RECORDS FOR THIS TASK -
---------------

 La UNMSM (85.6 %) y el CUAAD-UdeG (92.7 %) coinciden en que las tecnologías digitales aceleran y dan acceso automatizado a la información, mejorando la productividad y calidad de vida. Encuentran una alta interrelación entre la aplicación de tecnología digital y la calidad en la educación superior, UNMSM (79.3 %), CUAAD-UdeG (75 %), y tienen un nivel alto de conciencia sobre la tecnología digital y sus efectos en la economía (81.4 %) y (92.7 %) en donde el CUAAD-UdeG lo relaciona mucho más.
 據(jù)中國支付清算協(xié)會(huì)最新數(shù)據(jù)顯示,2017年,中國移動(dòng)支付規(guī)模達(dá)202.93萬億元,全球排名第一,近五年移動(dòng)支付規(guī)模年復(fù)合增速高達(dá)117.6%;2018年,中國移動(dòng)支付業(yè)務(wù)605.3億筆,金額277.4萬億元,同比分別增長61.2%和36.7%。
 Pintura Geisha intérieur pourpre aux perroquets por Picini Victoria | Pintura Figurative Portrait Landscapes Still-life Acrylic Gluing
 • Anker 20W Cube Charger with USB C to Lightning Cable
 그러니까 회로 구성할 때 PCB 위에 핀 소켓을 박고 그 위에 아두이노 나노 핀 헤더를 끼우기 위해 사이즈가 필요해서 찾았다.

---------------

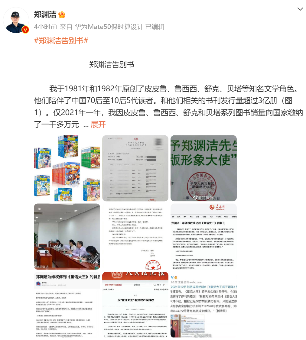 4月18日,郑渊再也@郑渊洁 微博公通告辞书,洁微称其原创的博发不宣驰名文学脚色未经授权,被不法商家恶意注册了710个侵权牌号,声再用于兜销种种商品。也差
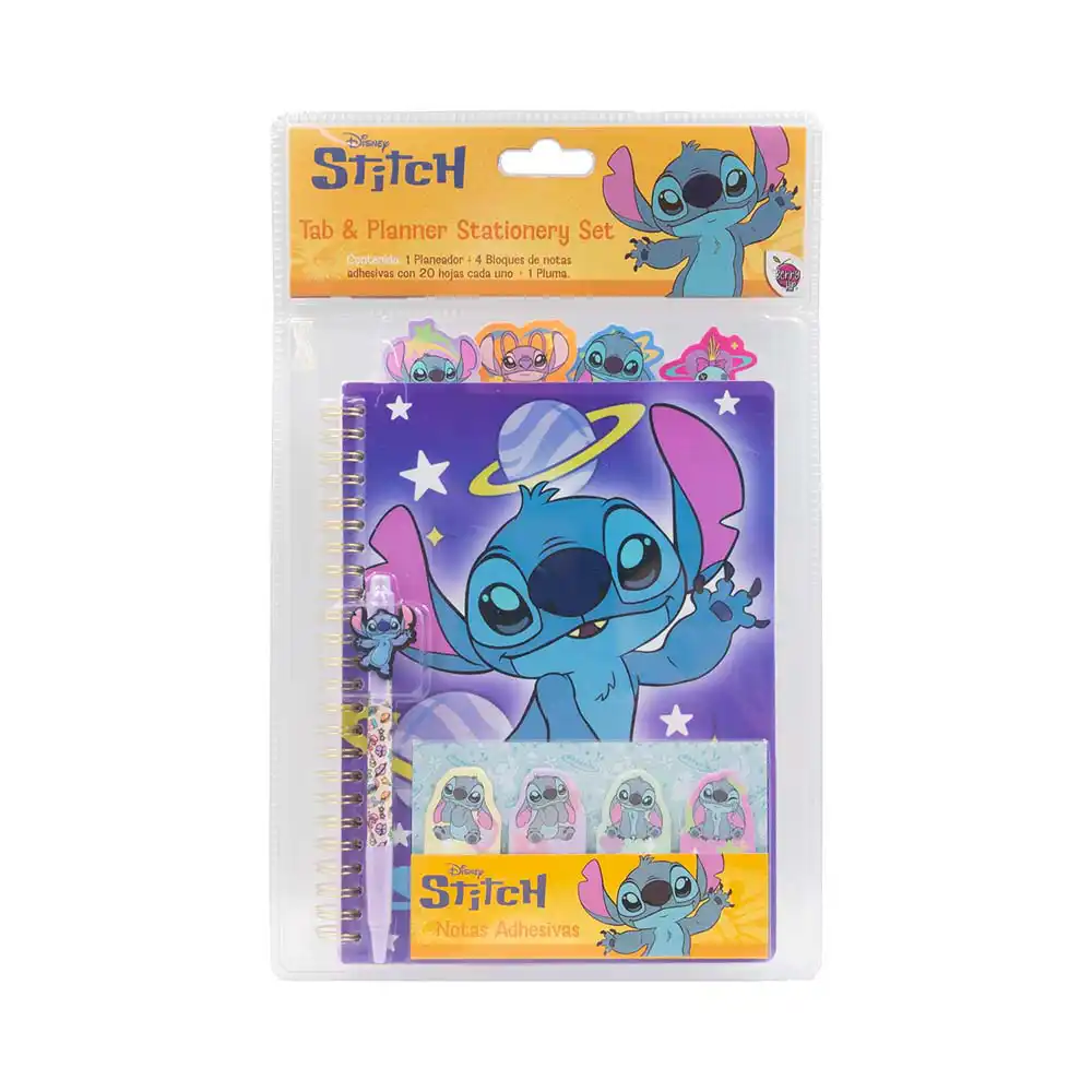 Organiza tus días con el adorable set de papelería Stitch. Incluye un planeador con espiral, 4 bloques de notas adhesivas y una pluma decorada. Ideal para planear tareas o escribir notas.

---------------

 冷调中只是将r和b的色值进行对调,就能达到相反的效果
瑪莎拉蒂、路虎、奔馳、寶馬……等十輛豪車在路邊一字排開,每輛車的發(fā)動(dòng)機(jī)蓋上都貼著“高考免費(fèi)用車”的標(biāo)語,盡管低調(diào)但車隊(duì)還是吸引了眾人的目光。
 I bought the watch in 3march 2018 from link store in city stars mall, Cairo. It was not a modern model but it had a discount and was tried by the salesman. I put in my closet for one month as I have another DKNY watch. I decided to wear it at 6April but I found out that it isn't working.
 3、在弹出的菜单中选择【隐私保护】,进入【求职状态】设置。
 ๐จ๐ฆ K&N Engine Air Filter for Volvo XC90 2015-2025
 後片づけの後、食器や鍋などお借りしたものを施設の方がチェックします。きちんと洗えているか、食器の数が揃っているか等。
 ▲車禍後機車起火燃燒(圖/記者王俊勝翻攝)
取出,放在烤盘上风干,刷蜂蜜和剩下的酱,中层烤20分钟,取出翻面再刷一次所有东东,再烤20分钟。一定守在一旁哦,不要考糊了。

---------------

ABOUT THIS EXERCISE -
Working from the material above, retype exactly the lines from the one with "Pintura Geisha intérieur" through the one with "그러니까 회로 구성할", both included, and only those lines.

WRITTEN ANSWER -
 Pintura Geisha intérieur pourpre aux perroquets por Picini Victoria | Pintura Figurative Portrait Landscapes Still-life Acrylic Gluing
 • Anker 20W Cube Charger with USB C to Lightning Cable
 그러니까 회로 구성할 때 PCB 위에 핀 소켓을 박고 그 위에 아두이노 나노 핀 헤더를 끼우기 위해 사이즈가 필요해서 찾았다.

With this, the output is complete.